━━━ Supplied records

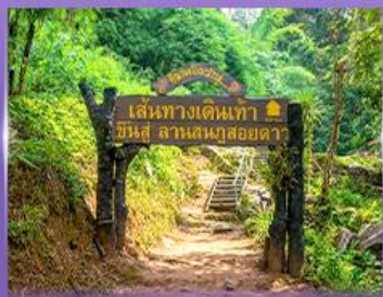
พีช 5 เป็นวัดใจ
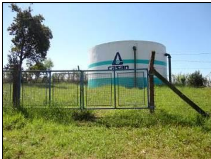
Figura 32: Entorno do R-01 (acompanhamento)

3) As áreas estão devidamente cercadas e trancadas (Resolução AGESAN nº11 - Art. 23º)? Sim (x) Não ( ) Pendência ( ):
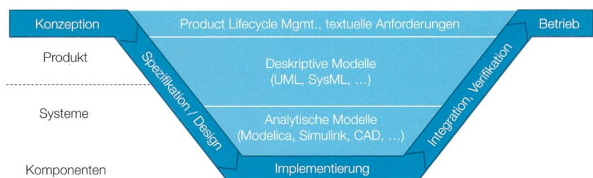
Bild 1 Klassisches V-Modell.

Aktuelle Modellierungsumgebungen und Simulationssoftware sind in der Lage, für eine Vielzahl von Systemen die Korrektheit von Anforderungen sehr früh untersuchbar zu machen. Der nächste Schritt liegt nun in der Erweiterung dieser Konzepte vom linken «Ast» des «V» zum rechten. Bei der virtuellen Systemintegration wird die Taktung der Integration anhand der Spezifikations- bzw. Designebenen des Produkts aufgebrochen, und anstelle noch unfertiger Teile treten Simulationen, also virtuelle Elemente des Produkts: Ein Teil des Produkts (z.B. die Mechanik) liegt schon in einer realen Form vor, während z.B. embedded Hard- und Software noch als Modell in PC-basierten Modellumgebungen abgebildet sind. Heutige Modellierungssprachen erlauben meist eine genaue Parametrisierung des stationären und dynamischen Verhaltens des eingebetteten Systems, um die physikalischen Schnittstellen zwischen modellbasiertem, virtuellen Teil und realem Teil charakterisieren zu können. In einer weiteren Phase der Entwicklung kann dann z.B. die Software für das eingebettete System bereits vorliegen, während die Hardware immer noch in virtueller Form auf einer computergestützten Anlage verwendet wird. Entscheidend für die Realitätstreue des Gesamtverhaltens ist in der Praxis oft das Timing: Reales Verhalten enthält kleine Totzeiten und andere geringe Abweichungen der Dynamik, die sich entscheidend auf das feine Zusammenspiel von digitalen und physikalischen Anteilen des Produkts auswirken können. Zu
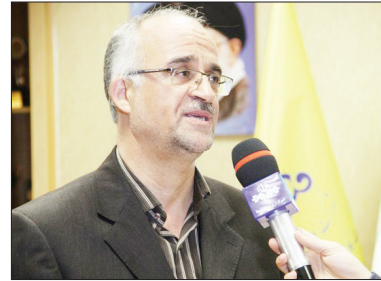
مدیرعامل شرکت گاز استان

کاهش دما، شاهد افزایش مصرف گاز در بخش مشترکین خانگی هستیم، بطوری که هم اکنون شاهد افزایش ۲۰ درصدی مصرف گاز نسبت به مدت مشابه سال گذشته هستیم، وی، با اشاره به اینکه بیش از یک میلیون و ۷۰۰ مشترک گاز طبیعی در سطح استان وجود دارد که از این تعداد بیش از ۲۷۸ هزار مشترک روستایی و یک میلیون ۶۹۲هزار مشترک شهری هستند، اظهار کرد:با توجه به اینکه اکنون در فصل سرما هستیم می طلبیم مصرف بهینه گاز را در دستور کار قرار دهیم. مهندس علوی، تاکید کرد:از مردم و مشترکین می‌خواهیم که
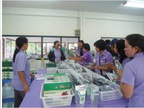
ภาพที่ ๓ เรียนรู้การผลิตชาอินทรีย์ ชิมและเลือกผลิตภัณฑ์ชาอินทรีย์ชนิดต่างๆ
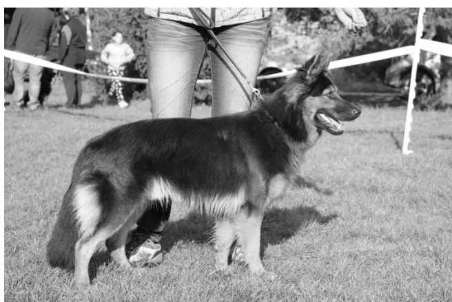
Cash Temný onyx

━━━━━━

Make an exact copy of the records from their first line through the line containing "Bild 1 Klassisches V-Modell.", both ends included, with the pictures omitted.

พีช 5 เป็นวัดใจ
Figura 32: Entorno do R-01 (acompanhamento)

3) As áreas estão devidamente cercadas e trancadas (Resolução AGESAN nº11 - Art. 23º)? Sim (x) Não ( ) Pendência ( ):
Bild 1 Klassisches V-Modell.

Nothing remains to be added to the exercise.